#### DATASET
______________________________

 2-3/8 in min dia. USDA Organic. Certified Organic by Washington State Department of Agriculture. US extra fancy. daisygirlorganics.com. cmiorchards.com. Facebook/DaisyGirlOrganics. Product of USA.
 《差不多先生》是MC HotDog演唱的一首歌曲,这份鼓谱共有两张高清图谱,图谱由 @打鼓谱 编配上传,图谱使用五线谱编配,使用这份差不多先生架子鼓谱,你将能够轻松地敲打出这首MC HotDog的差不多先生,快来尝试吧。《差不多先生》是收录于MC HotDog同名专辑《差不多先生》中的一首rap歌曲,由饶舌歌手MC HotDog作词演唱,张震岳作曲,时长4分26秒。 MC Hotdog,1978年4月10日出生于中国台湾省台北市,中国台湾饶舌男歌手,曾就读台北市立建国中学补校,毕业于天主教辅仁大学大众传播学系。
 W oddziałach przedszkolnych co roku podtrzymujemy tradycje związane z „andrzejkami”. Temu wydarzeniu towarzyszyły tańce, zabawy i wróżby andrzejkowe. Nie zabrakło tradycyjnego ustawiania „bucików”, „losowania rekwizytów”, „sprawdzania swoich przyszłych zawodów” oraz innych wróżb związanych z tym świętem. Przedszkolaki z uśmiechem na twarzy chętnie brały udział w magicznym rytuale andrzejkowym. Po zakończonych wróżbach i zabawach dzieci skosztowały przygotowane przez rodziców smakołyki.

______________________________

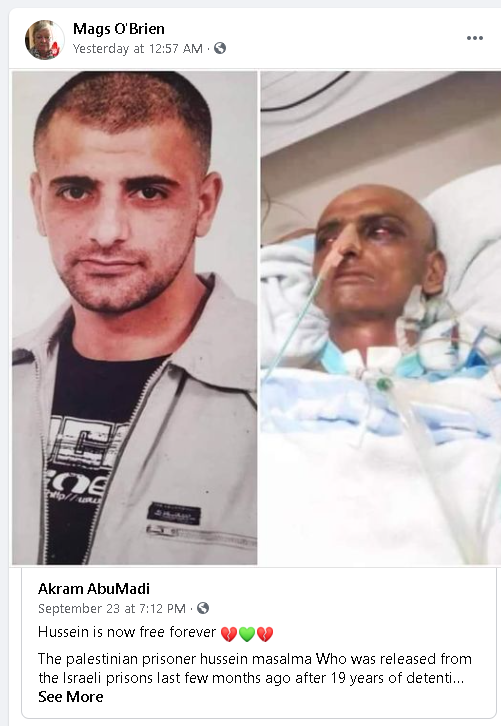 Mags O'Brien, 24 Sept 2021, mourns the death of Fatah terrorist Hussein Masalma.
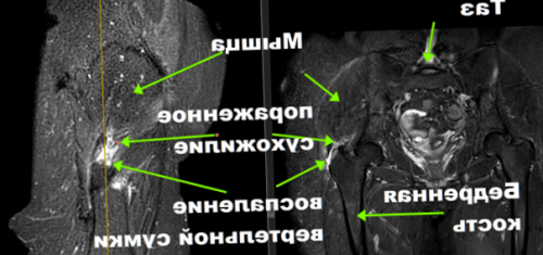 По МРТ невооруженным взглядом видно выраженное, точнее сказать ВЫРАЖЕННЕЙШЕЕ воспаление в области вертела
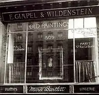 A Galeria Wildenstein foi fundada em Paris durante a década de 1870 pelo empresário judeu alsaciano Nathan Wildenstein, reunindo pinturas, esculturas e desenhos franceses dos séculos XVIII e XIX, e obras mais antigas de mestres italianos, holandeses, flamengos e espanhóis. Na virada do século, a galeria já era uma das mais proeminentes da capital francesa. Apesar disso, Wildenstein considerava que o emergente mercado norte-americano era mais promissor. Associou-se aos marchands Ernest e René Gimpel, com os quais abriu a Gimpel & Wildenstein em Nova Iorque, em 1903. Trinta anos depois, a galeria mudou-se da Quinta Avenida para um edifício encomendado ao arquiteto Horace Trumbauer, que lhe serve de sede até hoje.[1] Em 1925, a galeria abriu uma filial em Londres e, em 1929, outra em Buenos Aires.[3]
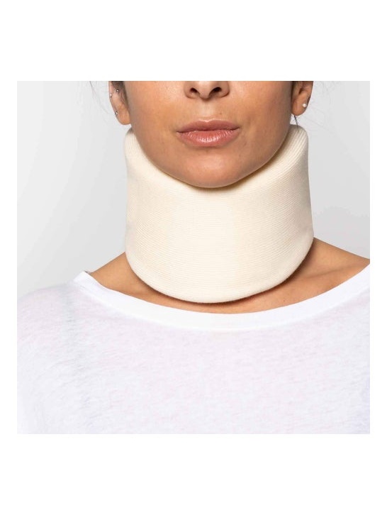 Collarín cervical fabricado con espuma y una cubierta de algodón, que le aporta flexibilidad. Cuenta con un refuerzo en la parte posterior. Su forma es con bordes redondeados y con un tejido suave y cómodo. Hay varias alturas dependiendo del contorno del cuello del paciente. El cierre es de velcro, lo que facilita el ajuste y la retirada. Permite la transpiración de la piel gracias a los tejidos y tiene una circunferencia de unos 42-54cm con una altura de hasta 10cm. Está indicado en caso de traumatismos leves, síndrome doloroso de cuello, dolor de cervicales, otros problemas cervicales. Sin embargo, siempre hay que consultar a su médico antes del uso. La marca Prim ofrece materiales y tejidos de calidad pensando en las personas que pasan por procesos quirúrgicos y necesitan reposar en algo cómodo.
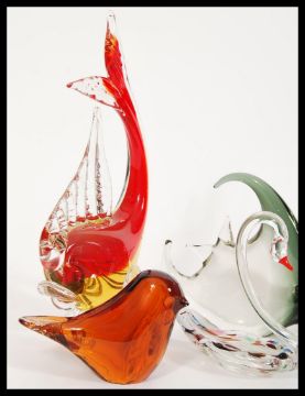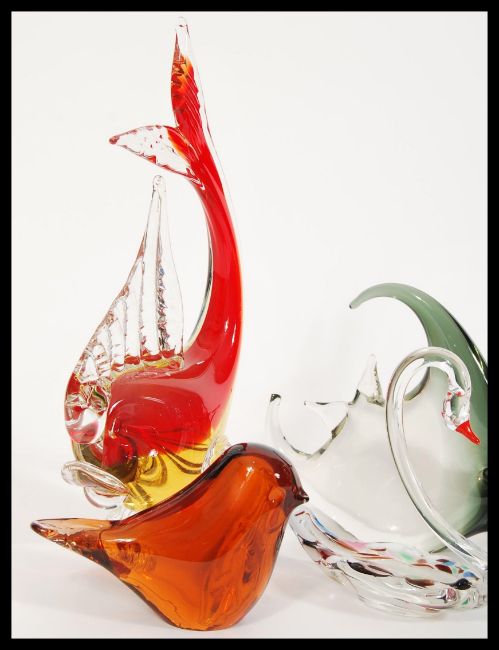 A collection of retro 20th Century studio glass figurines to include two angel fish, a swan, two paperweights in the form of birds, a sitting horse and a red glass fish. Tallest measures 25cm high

______________________________

Nothing but the lines from the one with "Mags O'Brien, 24" to the one with "По МРТ невооруженным" above, both included, should be transcribed, exactly and without pictures.

 Mags O'Brien, 24 Sept 2021, mourns the death of Fatah terrorist Hussein Masalma.
 По МРТ невооруженным взглядом видно выраженное, точнее сказать ВЫРАЖЕННЕЙШЕЕ воспаление в области вертела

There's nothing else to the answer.